The decision framework is not "SQL or NoSQL." It is "which database best fits each workload in my system." Start with these questions:
1. What are your consistency requirements?
If a stale read causes financial loss, data corruption, or safety issues, you need strong ACID consistency. PostgreSQL is the default choice. If stale reads are invisible to users (social feeds, analytics, cached content), eventual consistency is acceptable and unlocks horizontal scaling options.
2. What is your access pattern?
- Key lookups with sub-millisecond latency: Redis
- Document reads with flexible schema: MongoDB
- High-volume appends with time-range scans: InfluxDB or Cassandra
- Complex ad-hoc queries with JOINs: PostgreSQL
3. What is your write volume?
Under 10K writes per second, PostgreSQL handles it on one node. Between 10K-100K, consider MongoDB sharding or Cassandra. Above 100K, Cassandra's linear horizontal scaling is designed for this range.
4. How does your schema evolve?
If the schema is stable and well-understood, relational models give you the strongest guarantees. If it changes weekly with different entities having different shapes, document models avoid migration overhead.
5. Do you need multiple databases?
Polyglot persistence (using the right database for each workload) is the norm in production systems. PostgreSQL for transactions, Redis for caching, Cassandra for event logs, InfluxDB for metrics. The operational cost of running multiple databases is real (deployment, monitoring, backups), but it is usually less than the cost of forcing one database to serve all access patterns poorly.
In interviews, never say 'I would use MongoDB' or 'I would use PostgreSQL' without explaining the access pattern that drives the choice. The interviewer wants to see that you match the database to the workload, not that you have a favorite. Start with the access pattern and consistency requirement, then derive the database choice.
The SQL vs NoSQL debate is a false dichotomy. Production systems rarely use one database for everything. The real skill is matching each workload to the database designed for it.
PostgreSQL is the default starting point for most applications because ACID transactions, ad-hoc queries, and a mature ecosystem handle a wide range of workloads. You add specialized databases when PostgreSQL hits a wall: Redis when you need sub-millisecond latency, MongoDB when your schema evolves faster than migrations allow, Cassandra when write volume exceeds a single node, and InfluxDB when time-series data needs purpose-built storage and retention.
The decision framework is always the same: start with the access pattern (key lookups, document reads, range scans, complex joins), then consider the consistency requirement (strong ACID vs eventual), then evaluate the write volume (single node vs distributed).
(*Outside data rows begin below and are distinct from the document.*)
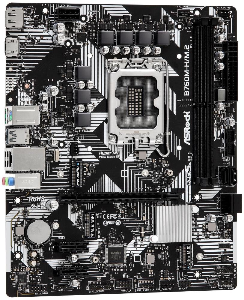 ASRock B760M-H/M.2 / Intel B760 / LGA1700 / 2x DDR5 / 2x M.2 / HDMI / DP / USB-C / mATX
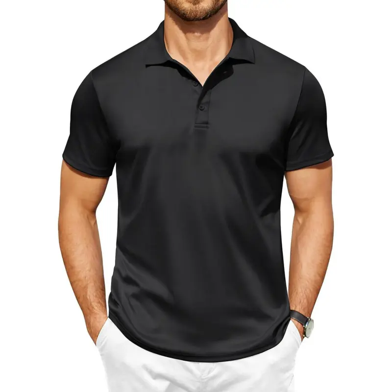 Mens Collared Polo Shirts Dry Fit Short Sleeve Daily Wear Business Work Tshirts
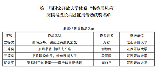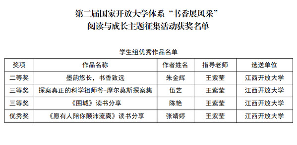 喜讯:我校在第二届国家开放大学体系“书香展风采”阅读与成长主题征集活动中获多个奖项
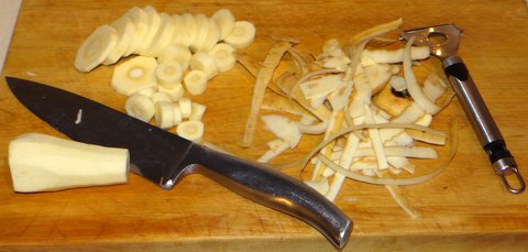 Start by cutting the ends off the parsnips and peeling them. Reserve the peels and trimmings. Cut the parsnips into 4 mm (1/6 inch) slices.
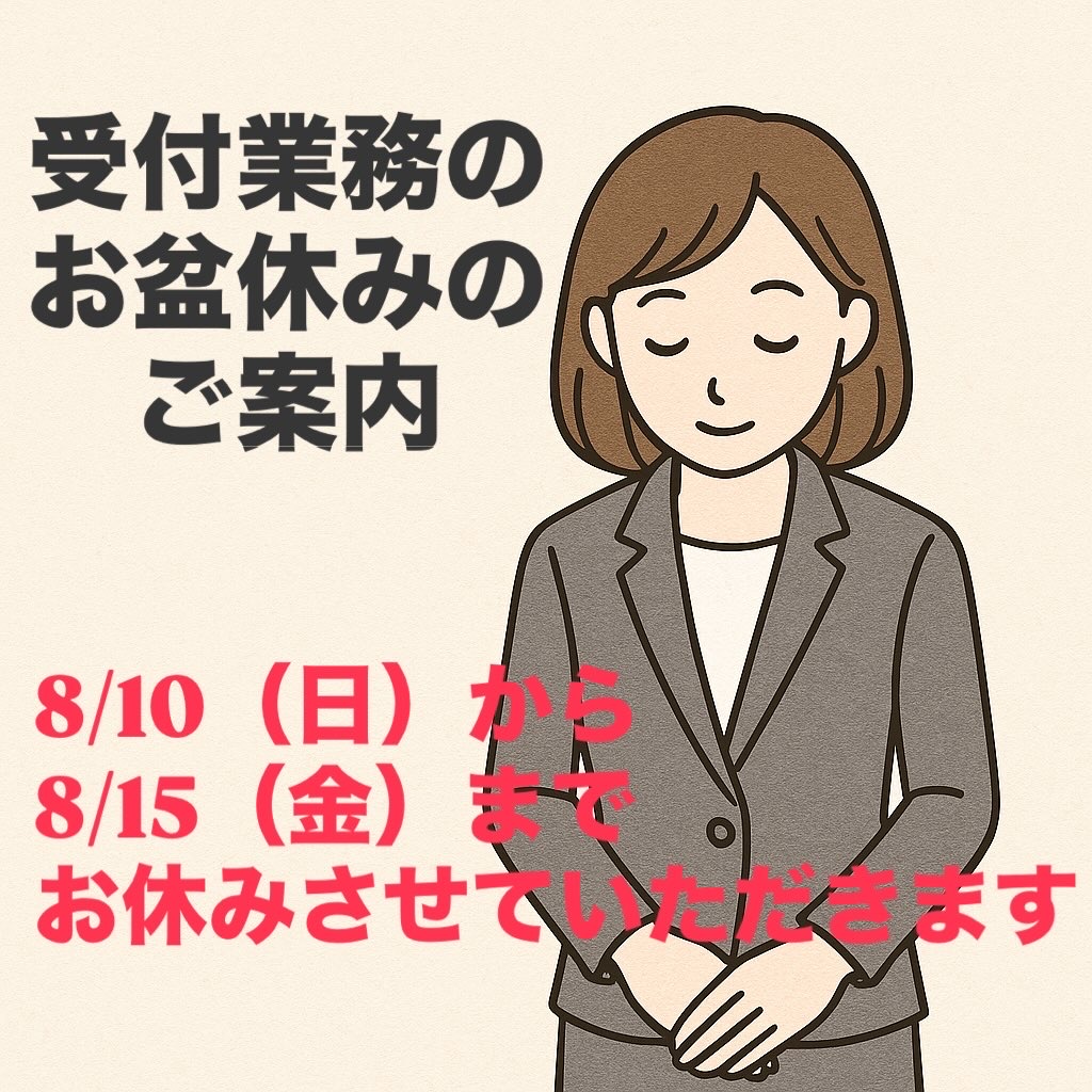 【受付業務 お盆休業のお知らせ】
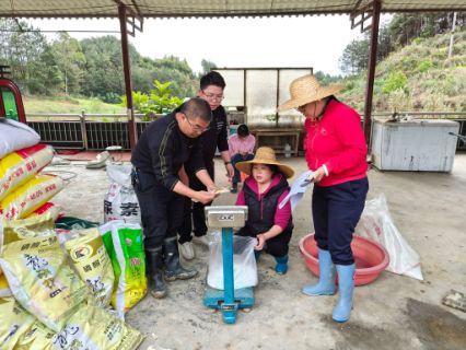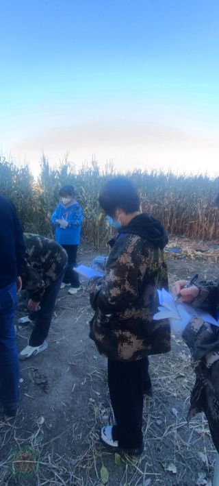 涞源县农业农村局技术人员到耕地监测点进行测产工作,数据记录在册。
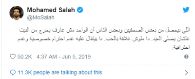 لكن تجمهر العشرات من أبناء البلدة أمام منزل عائلة صلاح لالتقاط الصور معه، حرمه من تأدية الصلاة، فكتب في حسابه الرسمي على موقع “تويتر”: “اللي بيحصل من بعض الصحفيين وبعض الناس أن الواحد مش عارف يخرج من البيت علشان يصلي العيد. دا ملوش علاقة بالحب. دا بيتقال عليه عدم احترام خصوصية وعدم احترافية”.
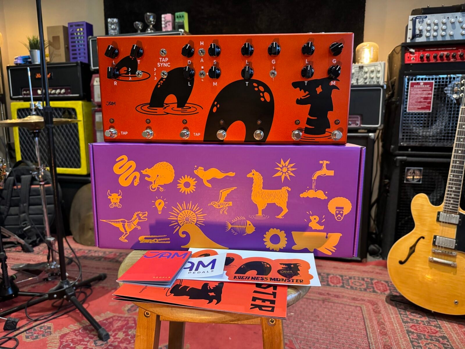 El Kochness Monster es el recurso definitivo de Greg para llevar a cualquier parte, diseñado para facilitar el transporte y equipado con el conjunto esencial de efectos para que Greg pueda afrontar cómodamente cualquier concierto o sesión.
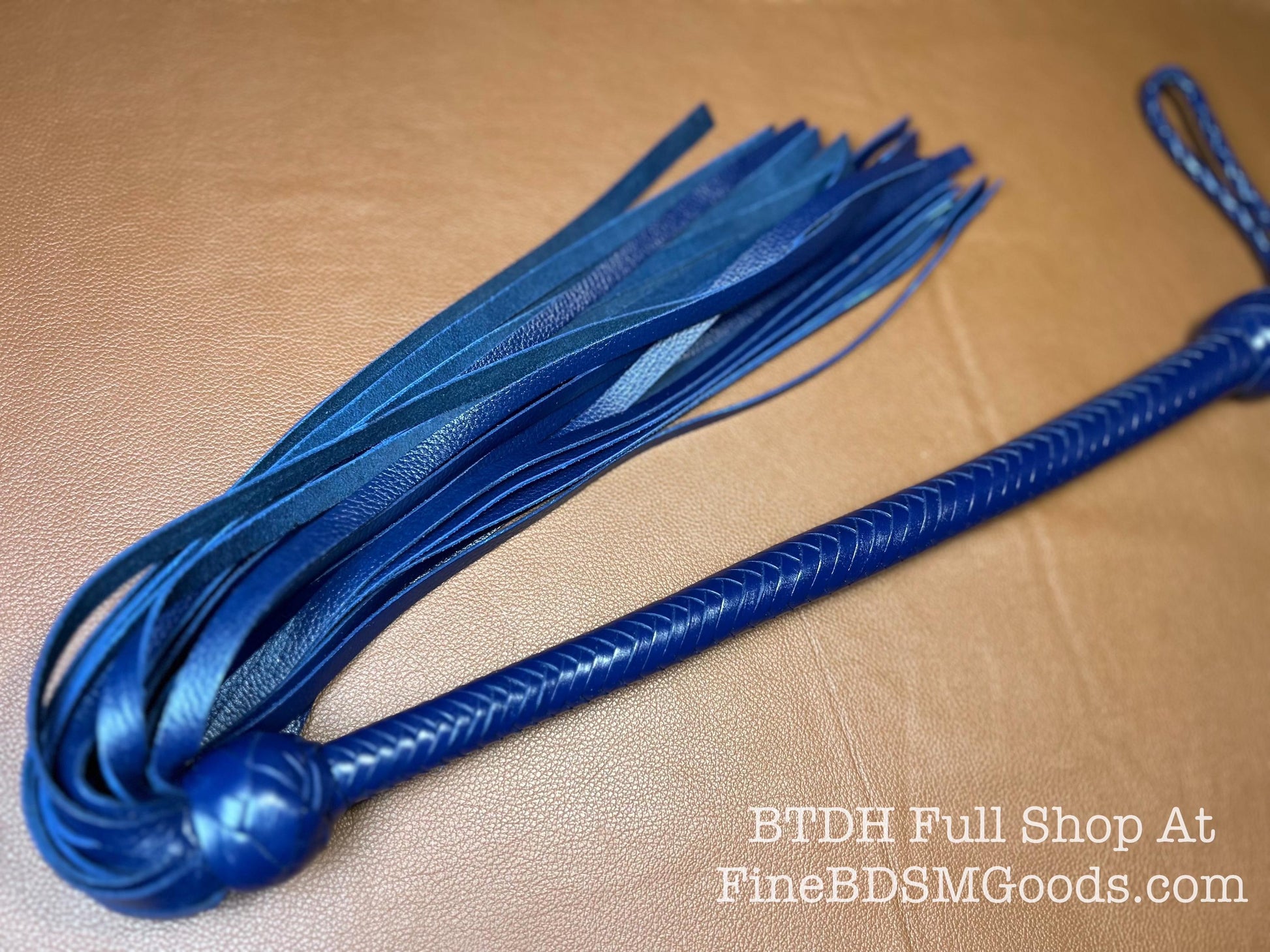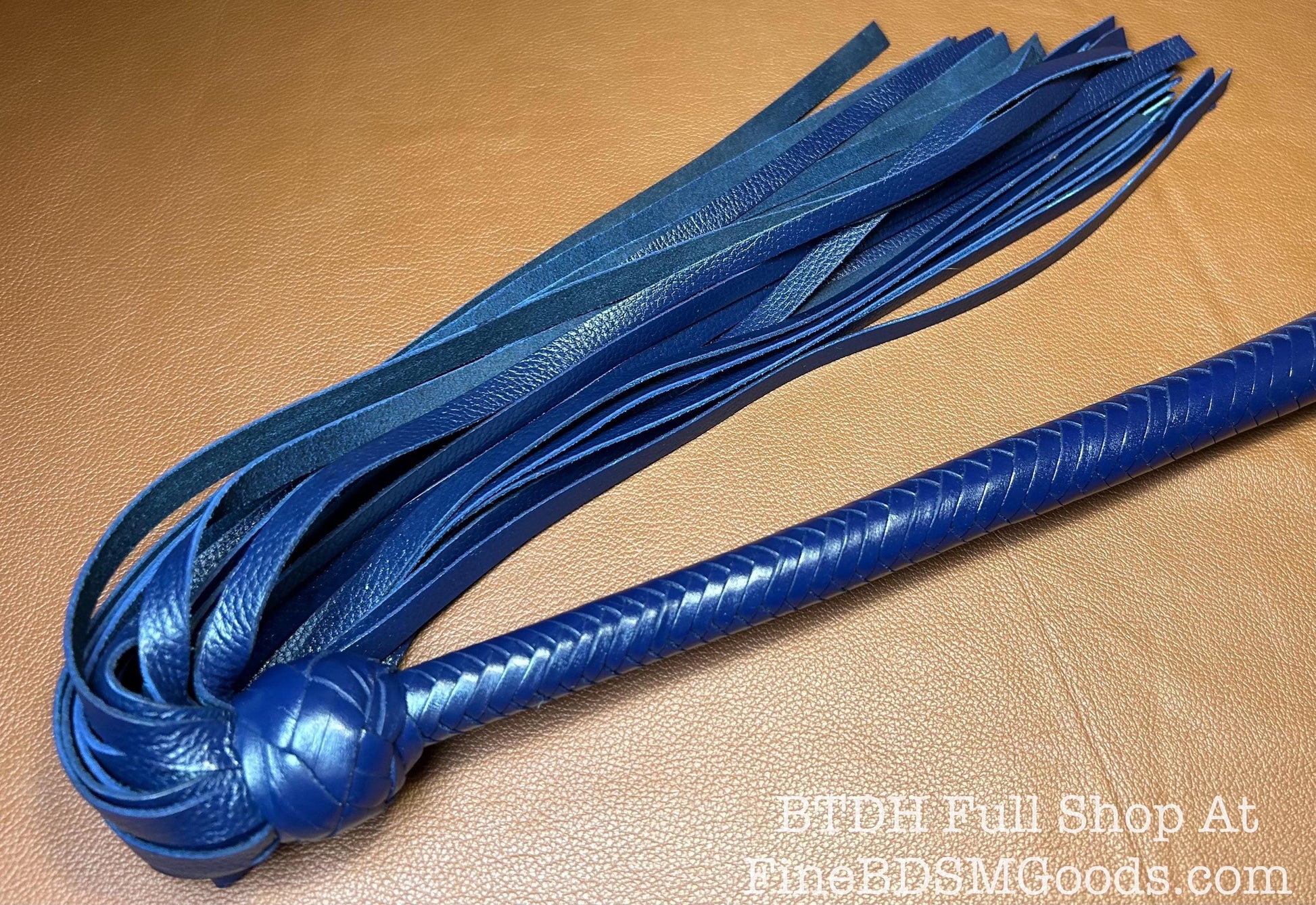 The Opus Flogger Long Handle Long Falls Midnight Blue Lush Rich Color Leather 34 Inches

The database choice follows from these three inputs, not from team preference or industry trends.
Polyglot persistence (using multiple databases, each for its strength) is not over-engineering. It is the standard architecture for systems that serve diverse workloads at scale. The operational cost of running multiple databases is real, but it is almost always less than the cost of forcing one database to handle workloads it was not designed for.
The best database is the one that matches your access pattern. Not the newest, not the most popular, not the one your team already knows. Start with the workload, derive the requirements, and let the requirements choose the database.